「私は、高島市長は嫌いです」――。そう断言するのは、ある保守系議員。この市議は「議会に諮るべき案件を、諮ることなく専決で決めてしまう。議会無視がひどい」と語気を強めて語った。中央保育園問題や自身の水着姿のフェイスブックへの投稿、相次ぐ職員不祥事など、内憂を抱えている高島市長。福岡市議会を取材して回ると、野党会派を中心に高島市長への評価はかなり厳しい。高島市長の1期目も終盤が近づいてきたが、来年度の予算審議を行なうこの時期、二元代表である議会との関係は、高島市長にとって重要である。だがこの局面において、議会内で市長の資質が疑われる状況にある。
<少数会派を無視する市政運営への批判>
自民党・公明党とともに与党会派を構成する保守系会派「みらい福岡」は、自・公両党とは微妙にスタンスが異なるようだ。代表の笠康雄市議は、「会派として個々の議員にあまり拘束をかけることはありません。それは、政策の方向性を同じくする個々の集合体であるから」と会派の立場を明言。「3月議会が終わるまでは、会議の議題として市長選挙を挙げることはしない」とし、「行財政改革について、高島市長がどれほど理解を示し、具体的に政策として実行してこられたかという点が、最大の判断基準になる」と政策に対する是非で考えるとしている。
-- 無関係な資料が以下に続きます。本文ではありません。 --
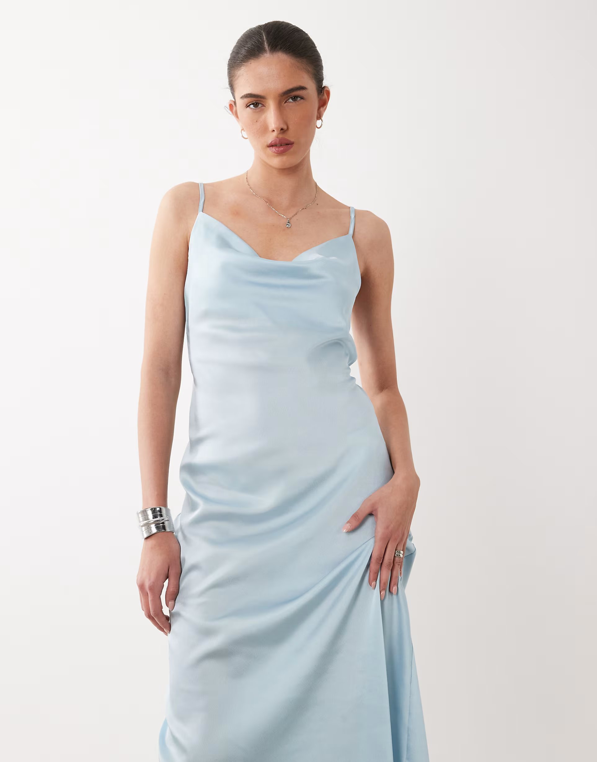 This light blue midi dress by ASOS is crafted from satin, offering a sleek and elegant silhouette. The cowl neckline adds a touch of sophistication, making it perfect for special occasions.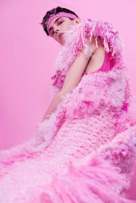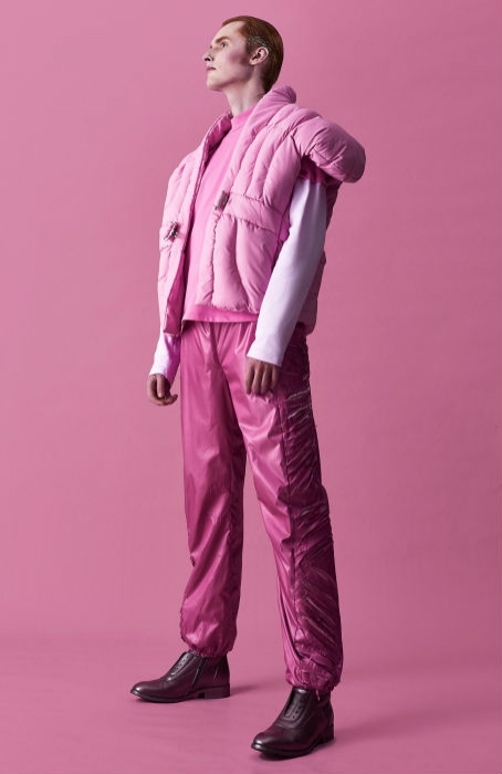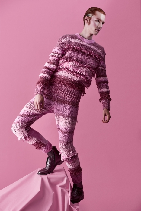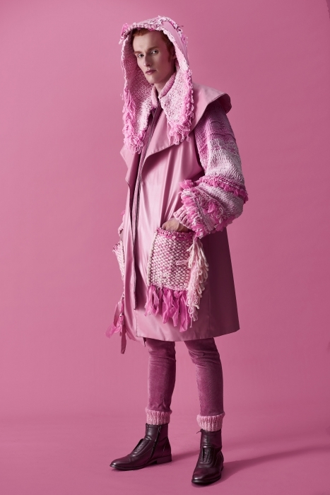 Выпускница СПбГУПТД Ольга Матюхина доказала — в университете ограничений в творчестве нет. Свою дипломную тотал-пинк коллекцию она посвятила мужчинам, доведя розовый до абсурда (и ряби в глазах!). «Этот цвет создан для девчонок, что делает его идеальным инструментом для выражения несправедливости стереотипных гендерных ролей», — объясняет Оля, — Я постаралась стереть грань между мужским и женским, но такую одежду решатся надеть только самые смелые».

高島市長が与党会派に配慮する一方で、少数会派は無視されていると批判しているのが、「社民・市政クラブ」の高田保男市議だ。高田氏は、部落解放同盟福岡市協議会委員長も務めており、その立場から高齢者や少数者への配慮が足りないと指摘する。観光による景気浮揚と企業誘致を推進する高島市長に対して、「はっきり申し上げてパフォーマンスだ」と断定。「予算削減ばかりでは、市民の不平不満が高まると思います」と懸念する。国政では風前の灯の社民党だが、地方においては、旧社会党からの流れで自治労などとの関係も残っており、その影響力は無視できない。
前回、吉田前市長を応援した民主党会派「民主・市民クラブ」の動向が注目されるが、開会中の市議会において13年度2月補正予算の中央保育園移転の工事費追加補助に反対するなど、高島市政とは対決姿勢をとる。
「高島市長を交代させるべき」と強く語ったのは、民主・市民クラブの調崇史市議。同氏は、元民放記者の経験があり、民放アナウンサー出身の高島市長が、パフォーマンスを駆使した行政運営を行なうことに疑問を投げかける。
<国旗掲揚をも利用する高島市長>
福岡市が抱える問題は、就労問題や単身高齢者の孤立死、増える生活保護費、地域の教育力の衰退など、表面に見えにくいが深刻なものが多い。ところが、各会派の市議が口をそろえるように、きめの細やかな政策よりも派手で目立つもの、かつ与党会派・自民党とその支持層の歓心を得る政策が優先されている。そして何より言動が軽い。
本誌3月6日号でも言及したが、福岡市は、政府が特定分野の規制緩和を進める「バーチャル特区」の指定を受ける見通しとの報道されている。起業特区と報じられているが、実態は問題化した「解雇特区」と変わらない。この間、高島市長は、自民党本部でプレゼンテーションを行ない、首相官邸を訪れ菅義偉官房長官に会うなど、売り込みに熱心であった。
3月5日の市議会本会議で、自民党の冨永計久市議から、公立学校における国旗の常時掲揚を求める質問が行なわれた。高島市長は「学校で国旗を常時掲揚することにより、子どもたちが日頃から慣れ親しみ、我が国だけでなく他国も尊重する態度を身につけることはとても意義がある。教育委員会の取り組みを一層支援していく」との答弁を行ない、翌日の産経新聞で大きく報じられた。
日本人として国を愛し、我が国の公立学校において国旗を掲揚することは当然のことだが、福岡市は日教組など反対する勢力も強く、冨永市議も再三議会で質したが何十年と正常化できなかった。穿った見方かもしれないが、昨年末の特定秘密保護法の強行採決で支持率が下がった安倍首相の靖国神社参拝と同じで、市長選を控え、中国公務員の受け入れ問題で失墜した保守層からの信用回復を目論んだのではないか。
与野党問わず、市議会議員の高島市長を見る視線は厳しい。果たして、高島市長はいよいよ11月に迫った市長選を乗り切れるだろうか。